Delta Lake provides optimizations that accelerate data lake operations.

Optimize performance with file management

To improve query speed, Delta Lake supports the ability to optimize the layout of data in storage. There are various ways to optimize the layout.

Compaction (bin-packing)

Note

This feature is available in Delta Lake 1.2.0 and above.

Delta Lake can improve the speed of read queries from a table by coalescing small files into larger ones.

OPTIMIZE '/path/to/delta/table' -- Optimizes the path-based Delta Lake table

OPTIMIZE delta_table_name;

OPTIMIZE delta.`/path/to/delta/table`;

-- If you have a large amount of data and only want to optimize a subset of it, you can specify an optional partition predicate using `WHERE`:
OPTIMIZE delta_table_name WHERE date >= '2017-01-01'

Note

  • Bin-packing optimization is idempotent, meaning that if it is run twice on the same dataset, the second run has no effect.
  • Bin-packing aims to produce evenly-balanced data files with respect to their size on disk, but not necessarily number of tuples per file. However, the two measures are most often correlated.

Readers of Delta tables use snapshot isolation, which means that they are not interrupted when OPTIMIZE removes unnecessary files from the transaction log. OPTIMIZE makes no data related changes to the table, so a read before and after an OPTIMIZE has the same results. Performing OPTIMIZE on a table that is a streaming source does not affect any current or future streams that treat this table as a source. OPTIMIZE returns the file statistics (min, max, total, and so on) for the files removed and the files added by the operation. Optimize stats also contains the number of batches, and partitions optimized.

File compaction is controlled by following Apache Spark configuration options:

  • optimize.minFileSize (default is 1,000,000,000 bytes (1GB)): Files which are smaller than this threshold (in bytes) will be grouped together and rewritten as larger files by the OPTIMIZE command.
  • optimize.maxFileSize (default is 1,000,000,000 bytes (1GB)): Target file size (in bytes) produced by the OPTIMIZE command.
  • optimize.maxThreads (default is 15): Maximum number of parallel jobs allowed in OPTIMIZE command. Increasing the maximum parallel jobs allows the OPTIMIZE command to run faster, but increases the job management on the Spark driver side.

Data skipping

Note

This feature is available in Delta Lake 1.2.0 and above.

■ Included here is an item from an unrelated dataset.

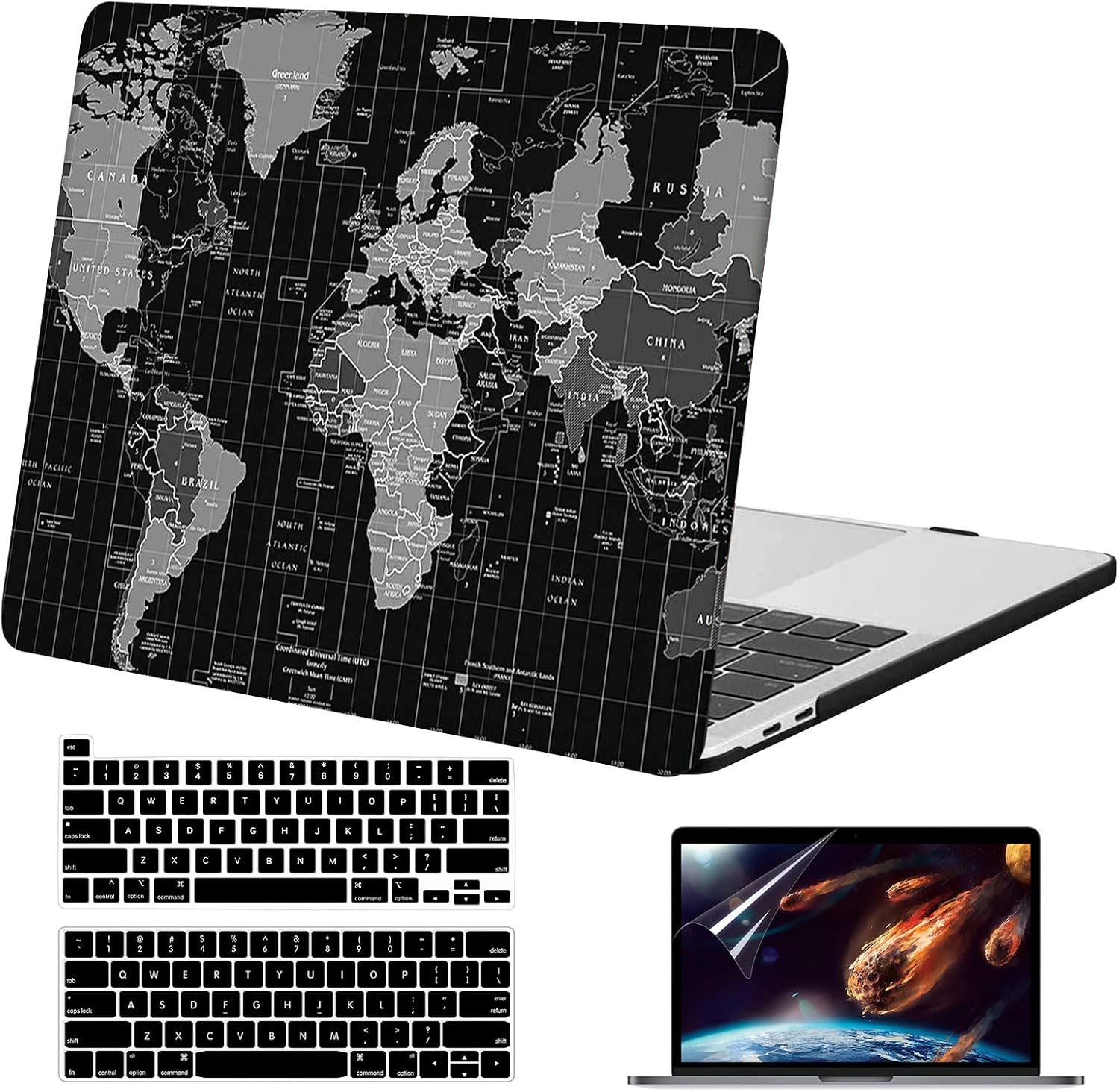 iLeadon for MacBook Pro 13 inch Case M2 2022, 2021, 2020-2016 Release A2338 M1/A2289/A2251/A2159/A1989/A1706/A1708, Plastic Hard Shell Case+Keyboard Cover+Screen Protector, Black World Map

Data skipping information is collected automatically when you write data into a Delta Lake table. Delta Lake takes advantage of this information (minimum and maximum values for each column) at query time to provide faster queries. You do not need to configure data skipping; the feature is activated whenever applicable.

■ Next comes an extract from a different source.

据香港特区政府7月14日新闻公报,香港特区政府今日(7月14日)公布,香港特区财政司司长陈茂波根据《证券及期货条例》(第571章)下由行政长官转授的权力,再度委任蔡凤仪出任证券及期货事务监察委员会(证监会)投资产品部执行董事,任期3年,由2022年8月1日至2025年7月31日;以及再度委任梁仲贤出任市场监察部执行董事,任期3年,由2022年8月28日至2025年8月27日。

Collecting statistics on a column containing long values such as string or binary is an expensive operation. To avoid collecting statistics on such columns you can configure the table property delta.dataSkippingNumIndexedCols. This property indicates the position index of a column in the table’s schema. All columns with a position index less than the delta.dataSkippingNumIndexedCols property will have statistics collected. For the purposes of collecting statistics, each field within a nested column is considered as an individual column. To avoid collecting statistics on columns containing long values, either set the delta.dataSkippingNumIndexedCols property so that the long value columns are after this index in the table’s schema, or move columns containing long strings to an index position greater than the delta.dataSkippingNumIndexedCols property by using ALTER TABLE ALTER COLUMN.